Give the listing again exactly, omitting its images.
** Opening INFORMATION SUPPLIED block **
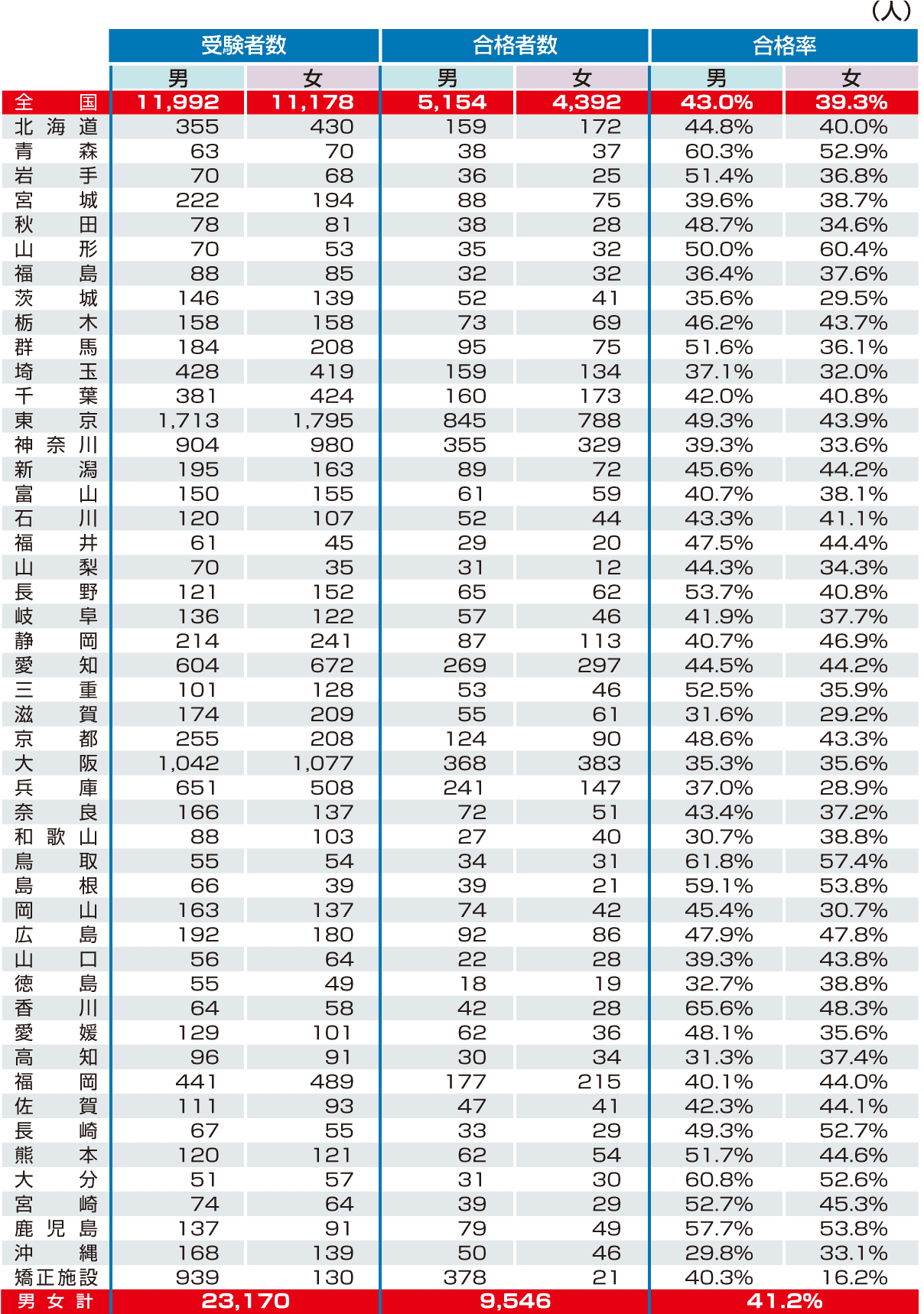 都道府県別 平成25年度高卒認定試験実施結果
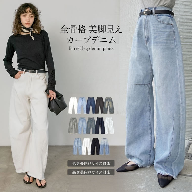 【全9サイズ展開】カーブデニム 再販開始!フリンジ×バレルレッグが可愛いカーブデニム|低身長から高身長まで、立体的カーブが脚をきれいに見せるカバーパンツ
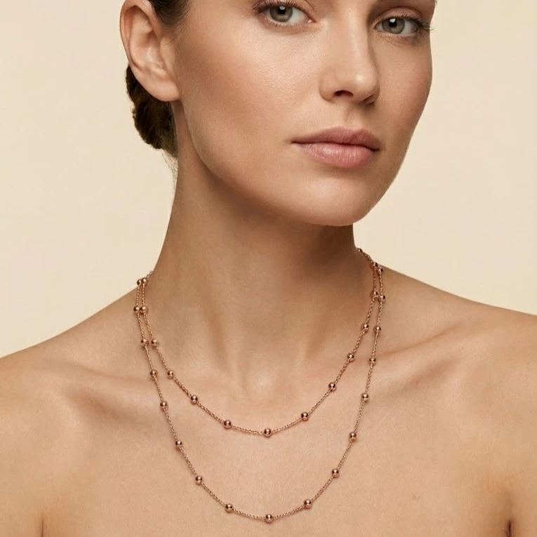 Uno de los mayores atributos de este collar es su diseƱo multiposición. La cadenita con perlitas distantes permite jugar con distintos estilos y ajustarse a tus preferencias. Puedes llevarlo en capas, combinado con otros collares, o como pieza Ćŗnica que realza tu outfit. Esta versatilidad hace que sea un complemento ideal tanto para eventos especiales como para el dĆa a dĆa.
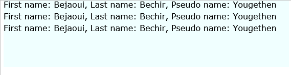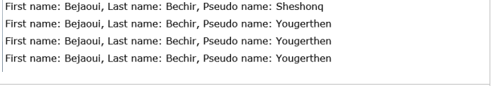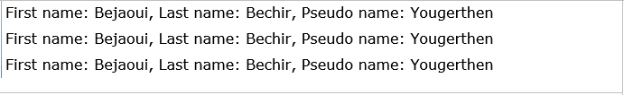 return string.Format("First name: {0}, Last name: {1}, Pseudo name: {2}",
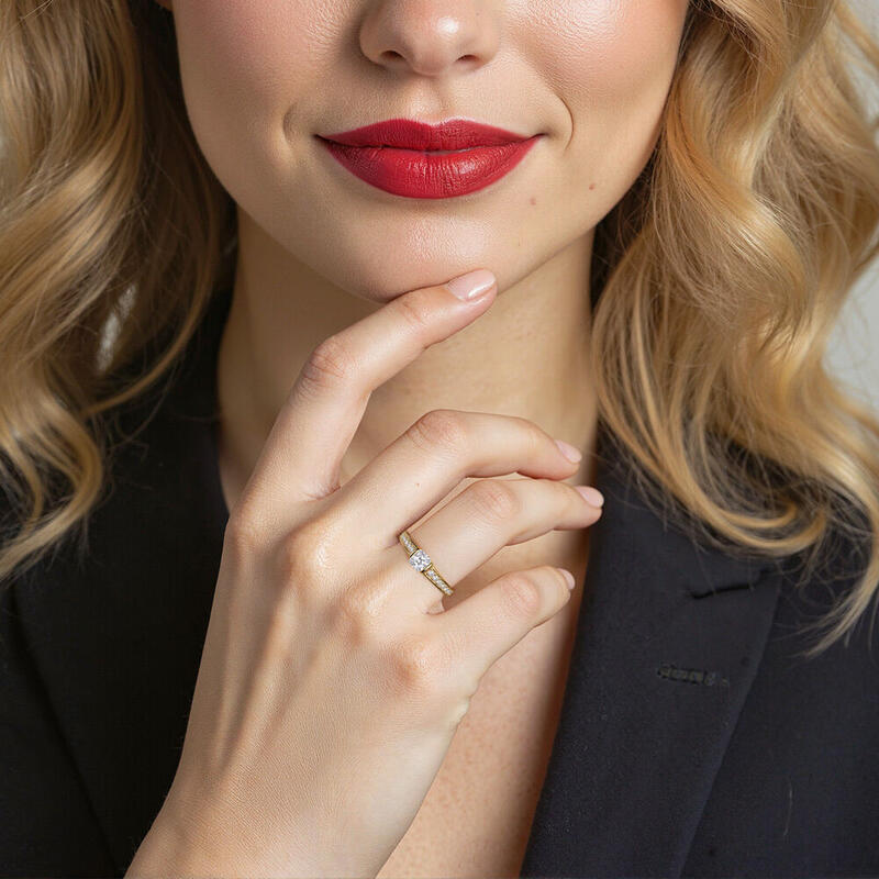 Besticht durch den makellosen Charme eines strahlend geschliffenen Mittelsteins in Spannungsfassung. Klassisch im Pavé-Setting eingefasste Rundsteine verleihen diesem Verlobungsring mit Seitensteinen zusätzlichen Glanz. Ich werde darauf warten, dass du die Milchstraße durchquerst und mich heiratest!
** Closing INFORMATION SUPPLIED block **
--- ANSWER TO THE PROBLEM ---
 都道府県別 平成25年度高卒認定試験実施結果
 【全9サイズ展開】カーブデニム 再販開始!フリンジ×バレルレッグが可愛いカーブデニム|低身長から高身長まで、立体的カーブが脚をきれいに見せるカバーパンツ
 Uno de los mayores atributos de este collar es su diseƱo multiposición. La cadenita con perlitas distantes permite jugar con distintos estilos y ajustarse a tus preferencias. Puedes llevarlo en capas, combinado con otros collares, o como pieza Ćŗnica que realza tu outfit. Esta versatilidad hace que sea un complemento ideal tanto para eventos especiales como para el dĆa a dĆa.
 return string.Format("First name: {0}, Last name: {1}, Pseudo name: {2}",
 Besticht durch den makellosen Charme eines strahlend geschliffenen Mittelsteins in Spannungsfassung. Klassisch im Pavé-Setting eingefasste Rundsteine verleihen diesem Verlobungsring mit Seitensteinen zusätzlichen Glanz. Ich werde darauf warten, dass du die Milchstraße durchquerst und mich heiratest!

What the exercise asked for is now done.